The team's customer service uses the dashboard for the daily lookups instead of asking engineering to run SQL. The data model determines the table shape, the validation matches the database constraints, the access control respects the existing role boundaries. The SQL-in-Slack tier disappears, and engineering reclaims the hours that used to go into being a manual database client.

/prism-dashboard builds admin tools. For customer-facing screens, /prism-ui is the right call. For reusable component primitives, /prism-component covers individual components. For analytics-style dashboards (charts, KPIs), /lens-dashboard is calibrated to that use case.

Install

/prism-dashboard ships with the Prism agent in the Tonone for Claude Code package.

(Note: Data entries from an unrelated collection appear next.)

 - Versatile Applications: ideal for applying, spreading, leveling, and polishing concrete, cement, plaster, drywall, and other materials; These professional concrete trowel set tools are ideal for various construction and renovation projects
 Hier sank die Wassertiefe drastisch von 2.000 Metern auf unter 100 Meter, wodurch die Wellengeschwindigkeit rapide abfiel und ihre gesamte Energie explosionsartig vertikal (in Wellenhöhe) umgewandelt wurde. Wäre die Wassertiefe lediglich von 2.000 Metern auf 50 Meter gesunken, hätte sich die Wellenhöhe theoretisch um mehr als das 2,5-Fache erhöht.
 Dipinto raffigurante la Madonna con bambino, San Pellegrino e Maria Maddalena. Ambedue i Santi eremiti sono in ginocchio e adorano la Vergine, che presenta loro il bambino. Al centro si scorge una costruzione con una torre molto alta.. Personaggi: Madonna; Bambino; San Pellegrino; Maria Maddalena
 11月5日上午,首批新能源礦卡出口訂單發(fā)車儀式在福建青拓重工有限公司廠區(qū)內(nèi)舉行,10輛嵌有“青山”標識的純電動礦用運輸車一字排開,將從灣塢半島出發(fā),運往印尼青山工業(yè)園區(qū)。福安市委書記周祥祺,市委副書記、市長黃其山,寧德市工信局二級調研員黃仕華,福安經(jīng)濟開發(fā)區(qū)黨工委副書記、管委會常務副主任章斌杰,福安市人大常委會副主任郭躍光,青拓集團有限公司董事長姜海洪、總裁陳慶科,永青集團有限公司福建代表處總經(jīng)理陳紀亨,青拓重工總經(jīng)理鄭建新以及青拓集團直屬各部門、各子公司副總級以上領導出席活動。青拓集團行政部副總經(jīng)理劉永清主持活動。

Install Tonone, invoke /prism-dashboard from any Claude Code session, and the skill produces an internal dashboard calibrated to the project's data model and access control.

1. Add to marketplace

$ claude plugin marketplace add tonone-ai/tonone

2. Install Prism

$ claude plugin install prism@tonone-ai

Internal tools that the team actually wants to use are the ones built for operational density rather than marketing polish. The skill is built for that priority.

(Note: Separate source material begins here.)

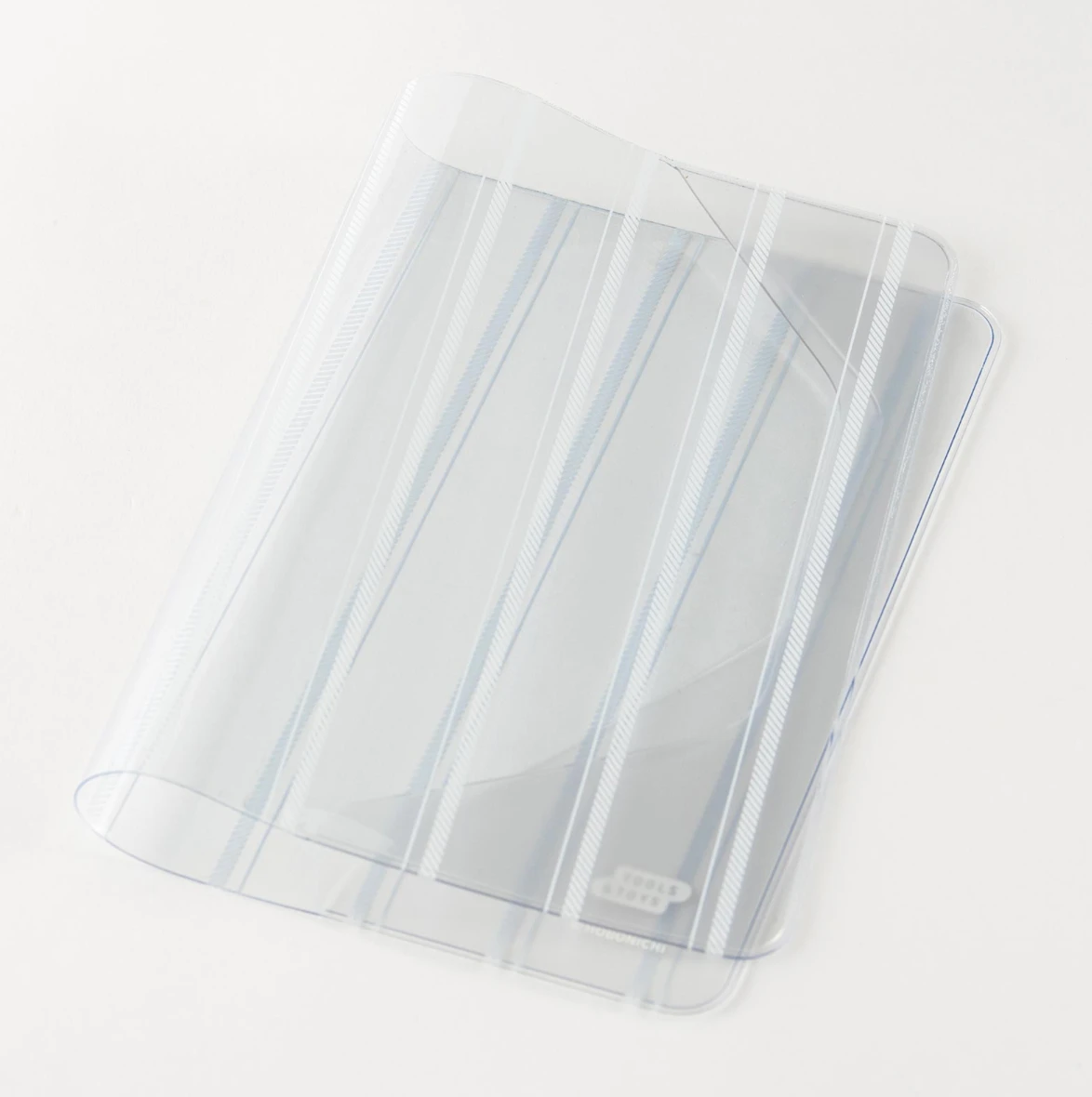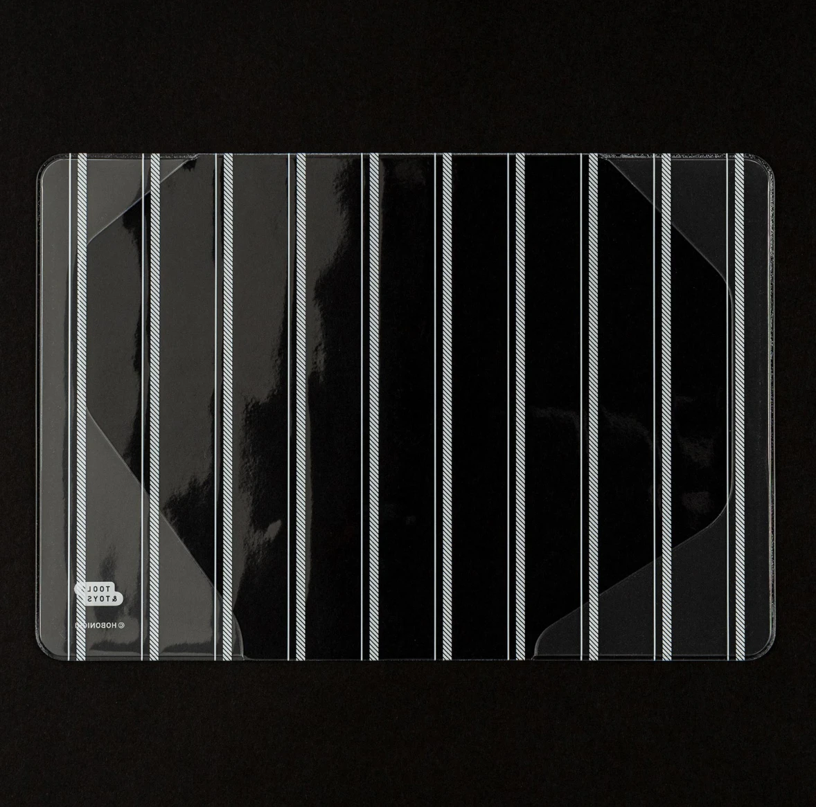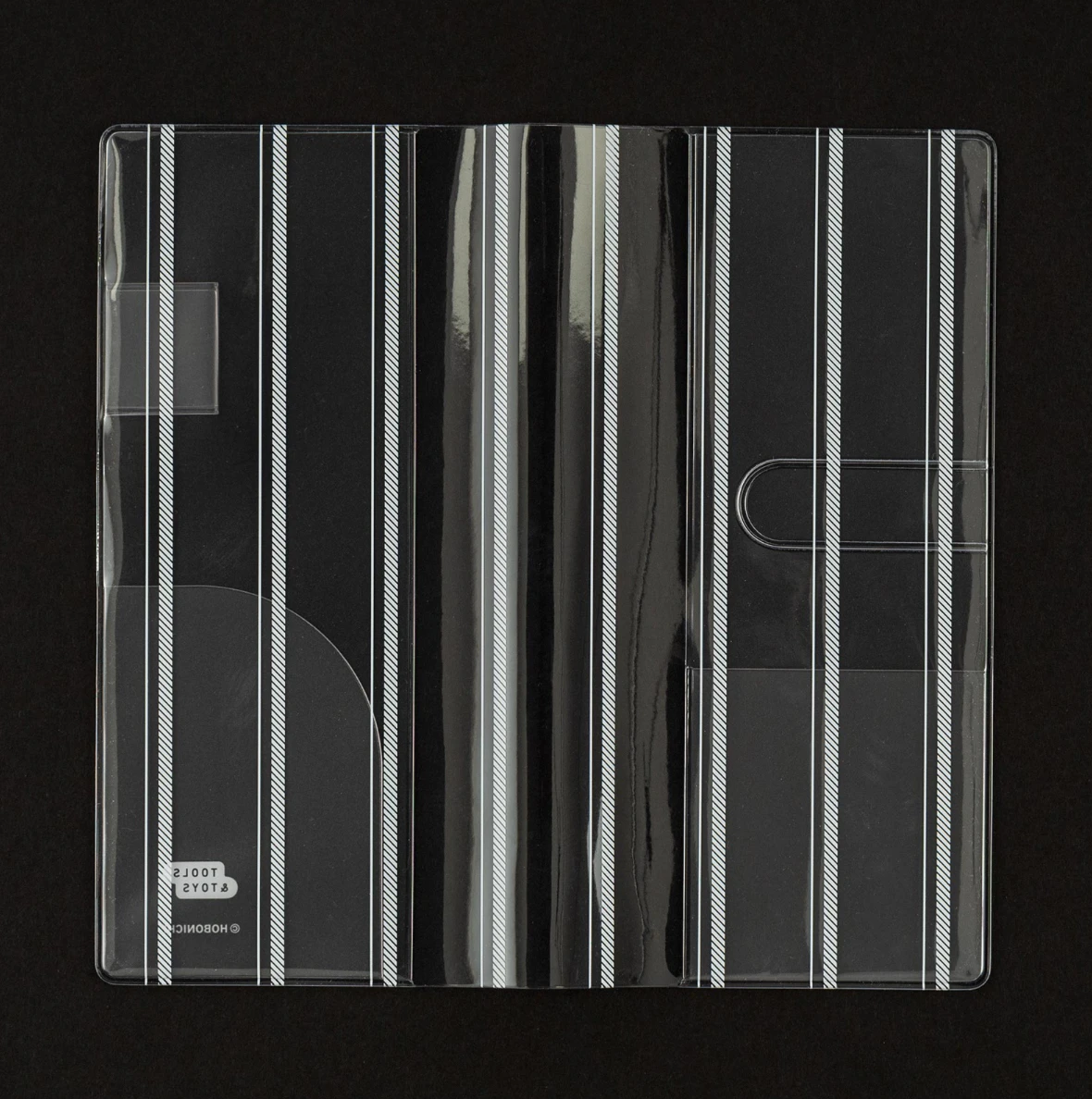 Cover on Cover is an optional, extra covering that fits select Hobonichi Techo covers to protect them from wear and tear. (Not for use directly on book.) The white stripes has a fresh feeling to it and is perfect for anyone looking to accent their simple techo cover by just a bit.

Frequently asked questions

What does /prism-dashboard do?
It builds internal admin tools with data tables (sort, filter, paginate), detail views, CRUD forms, search, keyboard shortcuts, and bulk actions. The output is calibrated to the project's data model and access control.
How is /prism-dashboard different from /prism-ui?
/prism-ui builds customer-facing screens with marketing-grade polish. /prism-dashboard builds internal tools calibrated to operational density and speed.
When should I use /prism-dashboard?
When engineers or operations need a UI for data currently accessed via SQL, when building an admin panel, or when an existing internal tool is missing critical features.
Does /prism-dashboard generate code or use a hosted tool?
It generates code in the project's codebase, so the dashboard ships with the application and respects existing auth, audit logging, and business logic.
Does /prism-dashboard support keyboard shortcuts?
Yes. Cmd+K for search, J/K for row navigation, and common actions bound to single-key shortcuts. Internal tools depend on keyboard speed, so this is the default rather than optional.
How do I install /prism-dashboard?
Install Tonone for Claude Code via the get-started guide at tonone.ai/get-started. /prism-dashboard ships with the Prism agent and is invoked as a slash command in any Claude Code session. Tonone is free and MIT-licensed.
Is /prism-dashboard free?
Yes. The skill is part of Tonone, which is MIT-licensed. The only cost is Claude Code token usage during the work.
Can /prism-dashboard handle complex data relationships?
Yes. The skill reads the data model and produces detail views with linked navigation between related entities, so users can move from a customer to their invoices to a specific invoice without leaving the dashboard.